ARCHITECTONICS OF MUSIC

The launch of José Oubrerie’s videopolemic on September 25th coincided with a lecture I gave at the Wexner Center in Columbus, Ohio, which began with the following quotes: 


“It is perfectly true that music and architecture flower from the same stem. 

The composer has his score. The architect has his … system on which he works, 

and the minds are very similar, practically the same. 

My father was a musician … he taught me to see a great symphony as an edifice, an edifice of sound…
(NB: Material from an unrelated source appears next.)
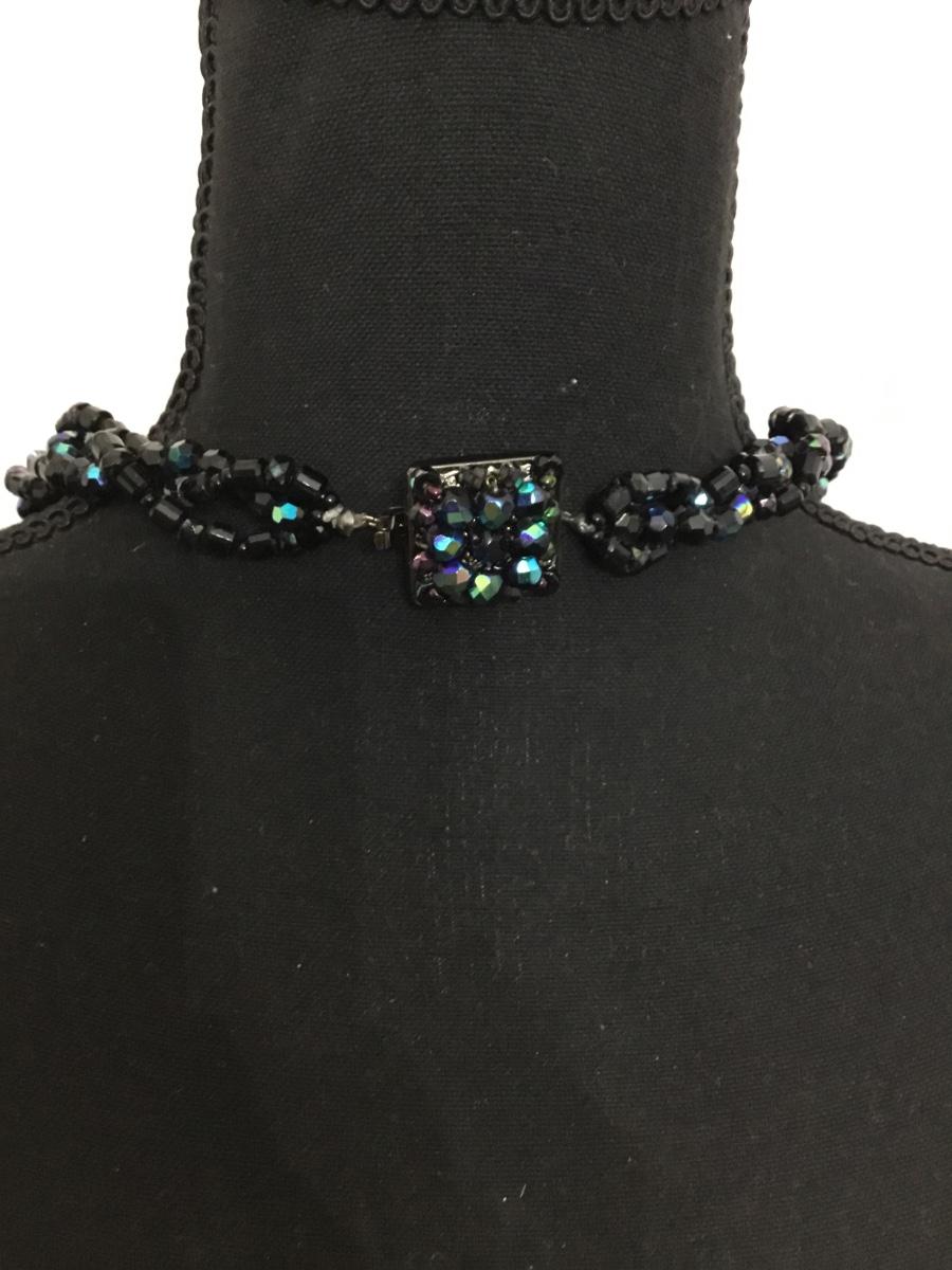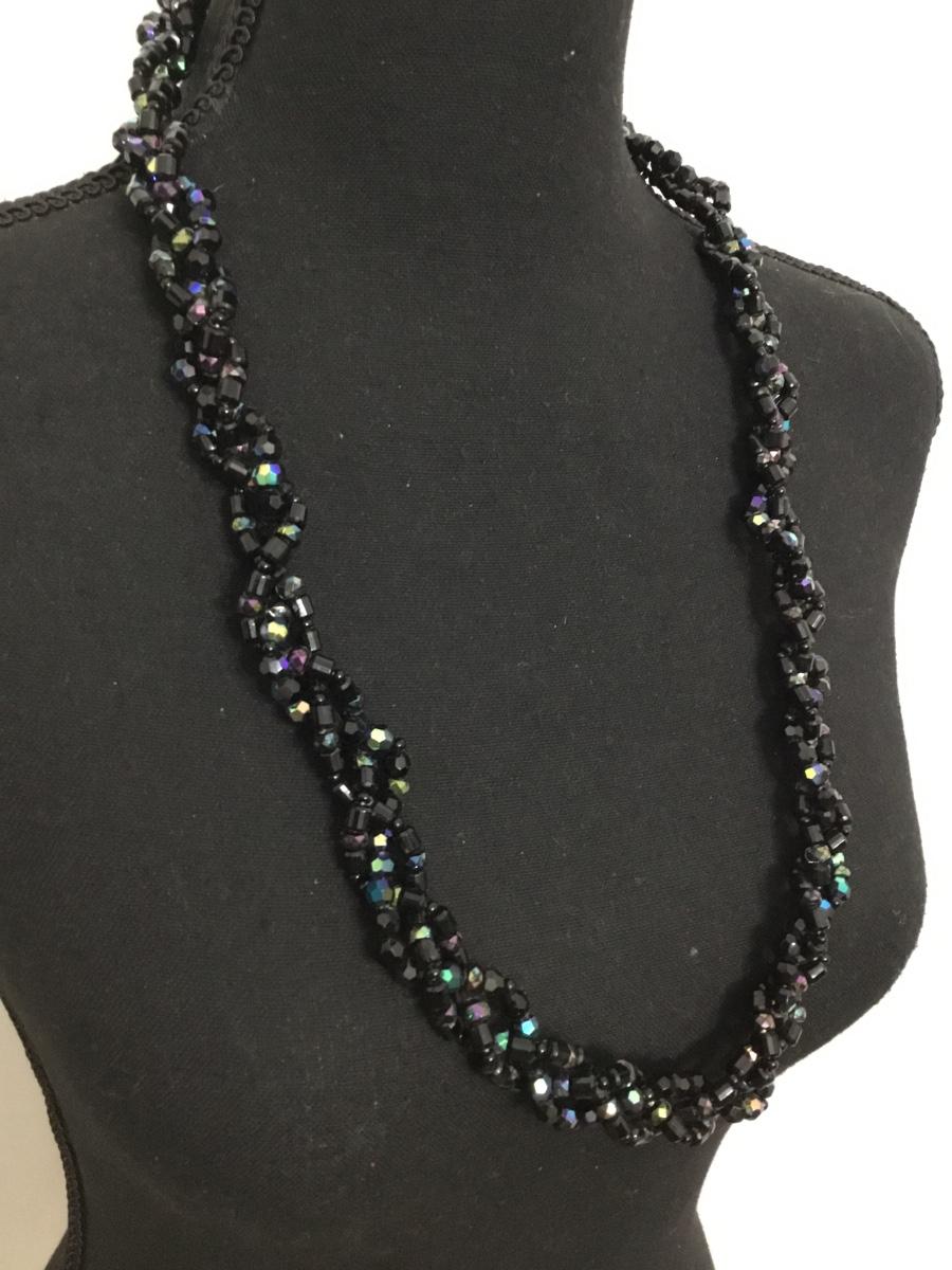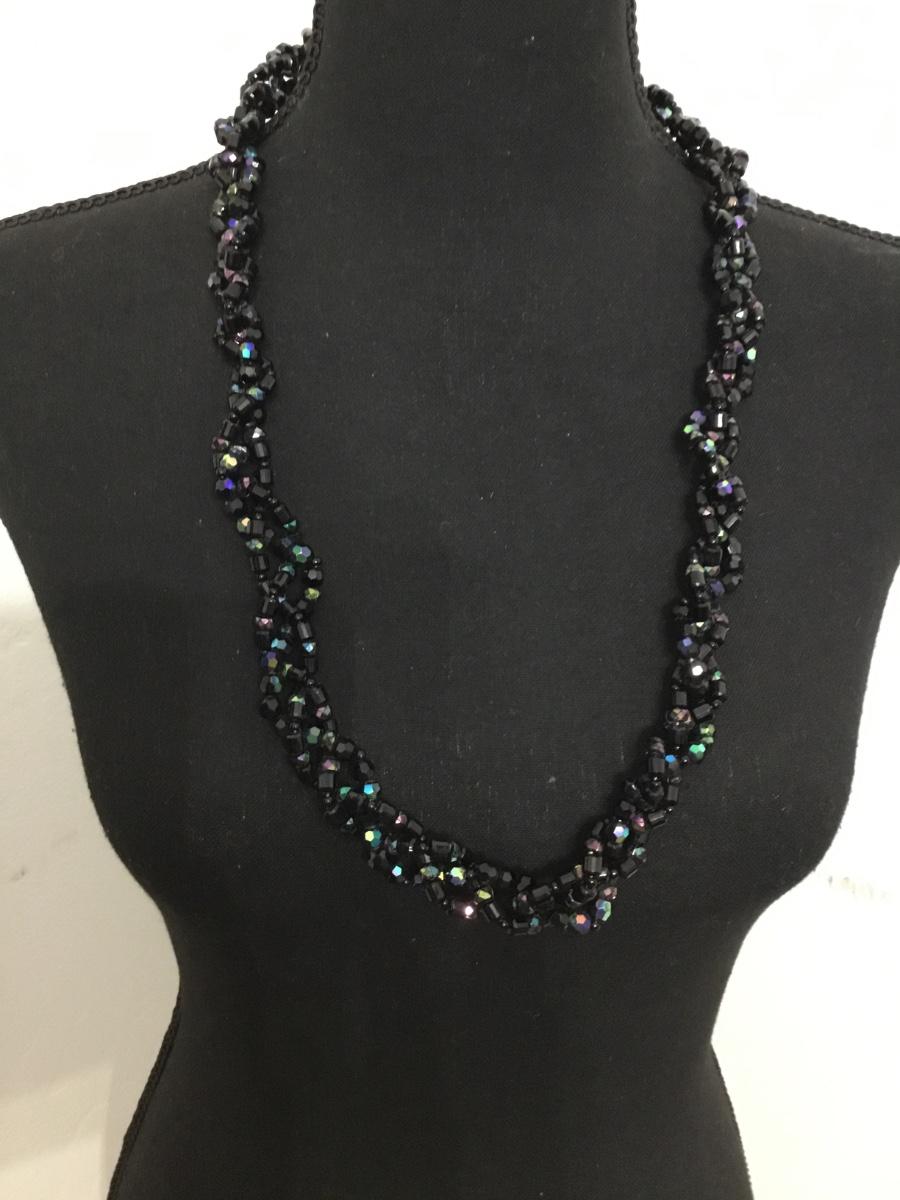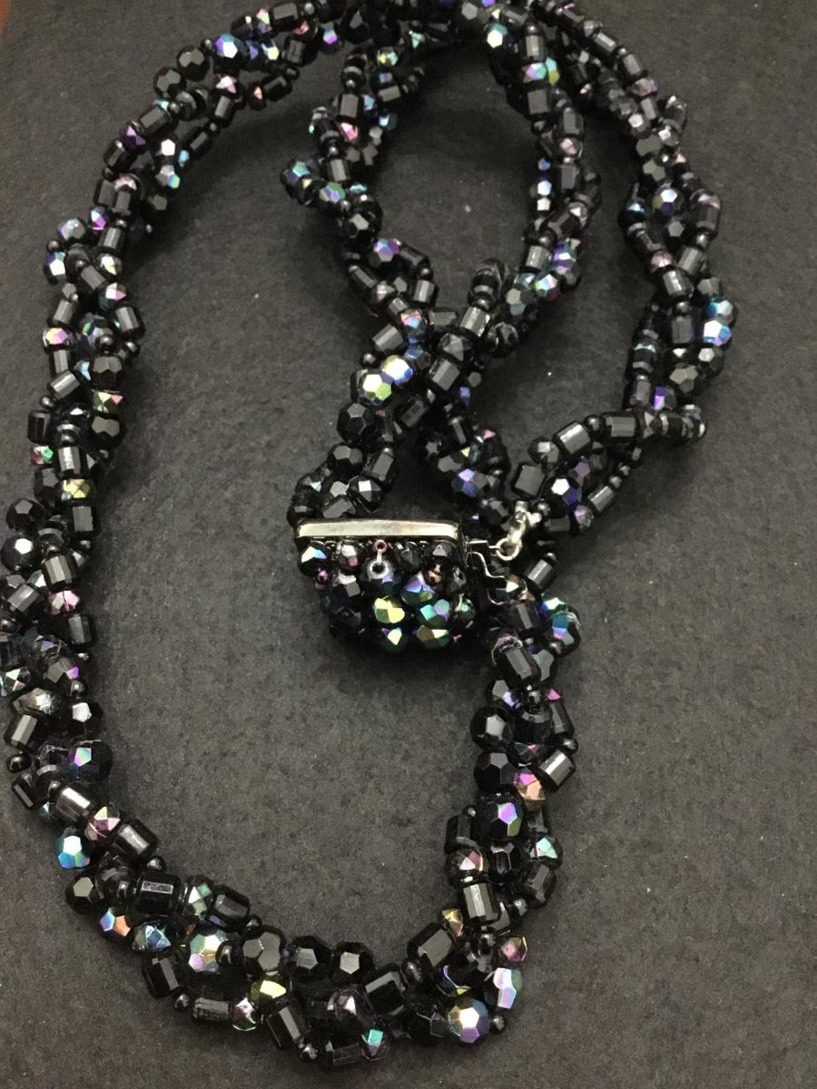 Givenchy vintage, black glass, multi strand, braided statement, necklace

So never miss the idea that architecture and music belong together. They are practically one.”

—Frank Lloyd Wright


“Music, like architecture, 

is time and space.”

—Le Corbusier


“I constantly refer to music in referring to architecture, because to me there is no great difference – when you dig deep enough in the realm of not doing things but simply thinking of what you want to do – that all the various ways of expression come to the fore. To me, when I see a plan, I must see the plan as if it were a symphony, of the realm in spaces in the construction of light.”

—Louis Kahn


At “T” Space gallery in Dutchess County, there is currently an exhibition on “The Architectonics of Music,” which records the sixth in a series of studios taught at Columbia University on music and architecture. The works by six teams of two graduate students are part of a larger project to develop cross-disciplinary, inspiration-provoking work on new architectural language.
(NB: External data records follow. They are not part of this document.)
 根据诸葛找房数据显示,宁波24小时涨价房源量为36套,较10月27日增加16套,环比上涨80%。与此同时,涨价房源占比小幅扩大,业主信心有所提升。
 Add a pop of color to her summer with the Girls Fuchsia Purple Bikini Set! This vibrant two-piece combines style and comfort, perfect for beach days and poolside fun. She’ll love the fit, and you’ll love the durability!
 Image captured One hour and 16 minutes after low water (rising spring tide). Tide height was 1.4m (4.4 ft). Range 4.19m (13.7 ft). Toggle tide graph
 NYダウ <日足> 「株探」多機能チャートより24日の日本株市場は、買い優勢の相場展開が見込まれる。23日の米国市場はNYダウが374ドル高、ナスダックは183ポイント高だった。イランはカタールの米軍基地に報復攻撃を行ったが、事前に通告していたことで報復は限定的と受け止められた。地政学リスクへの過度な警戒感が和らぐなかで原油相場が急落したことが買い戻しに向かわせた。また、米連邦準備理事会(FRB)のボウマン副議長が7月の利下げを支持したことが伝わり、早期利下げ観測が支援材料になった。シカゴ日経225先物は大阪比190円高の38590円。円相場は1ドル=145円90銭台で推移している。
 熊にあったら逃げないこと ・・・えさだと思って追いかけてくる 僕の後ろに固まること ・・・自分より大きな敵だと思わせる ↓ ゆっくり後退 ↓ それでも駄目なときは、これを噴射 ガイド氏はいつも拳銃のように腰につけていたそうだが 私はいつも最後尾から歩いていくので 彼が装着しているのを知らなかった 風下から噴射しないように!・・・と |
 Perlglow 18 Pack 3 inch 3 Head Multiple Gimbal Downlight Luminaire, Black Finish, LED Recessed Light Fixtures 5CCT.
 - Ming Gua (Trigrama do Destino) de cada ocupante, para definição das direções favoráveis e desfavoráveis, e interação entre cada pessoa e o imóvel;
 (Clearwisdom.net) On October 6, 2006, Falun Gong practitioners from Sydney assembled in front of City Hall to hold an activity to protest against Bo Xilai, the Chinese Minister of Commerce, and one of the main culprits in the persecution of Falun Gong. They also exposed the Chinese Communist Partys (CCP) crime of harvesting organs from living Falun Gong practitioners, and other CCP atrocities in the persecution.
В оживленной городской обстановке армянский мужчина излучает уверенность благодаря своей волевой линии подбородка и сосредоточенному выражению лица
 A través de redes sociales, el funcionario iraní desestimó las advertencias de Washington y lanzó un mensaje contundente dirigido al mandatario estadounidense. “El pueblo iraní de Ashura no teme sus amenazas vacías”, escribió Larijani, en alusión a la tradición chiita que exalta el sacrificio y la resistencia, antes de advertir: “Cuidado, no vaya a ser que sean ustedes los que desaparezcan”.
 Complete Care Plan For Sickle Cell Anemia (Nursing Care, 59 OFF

Music, like architecture, is an immersive experience; it surrounds you. One can turn away from a painting or a work of sculpture, while music and architecture engulf the body in space. Research into music and architecture moves forward at a time when architectural pedagogy is diffused, worn out. Schools of architecture today seem directionless. Postmodernism and deconstruction have passed into history, while the euphoria of technique in “parametrics” promises a lack of idea and spirit, and neglect of the importance of scale, material, detail, proportion, and light. Yet we continue to see potential in future architecture as open to experiment and as connected to spirit. While we ask, “what is architecture?” we also ask, “what is music?”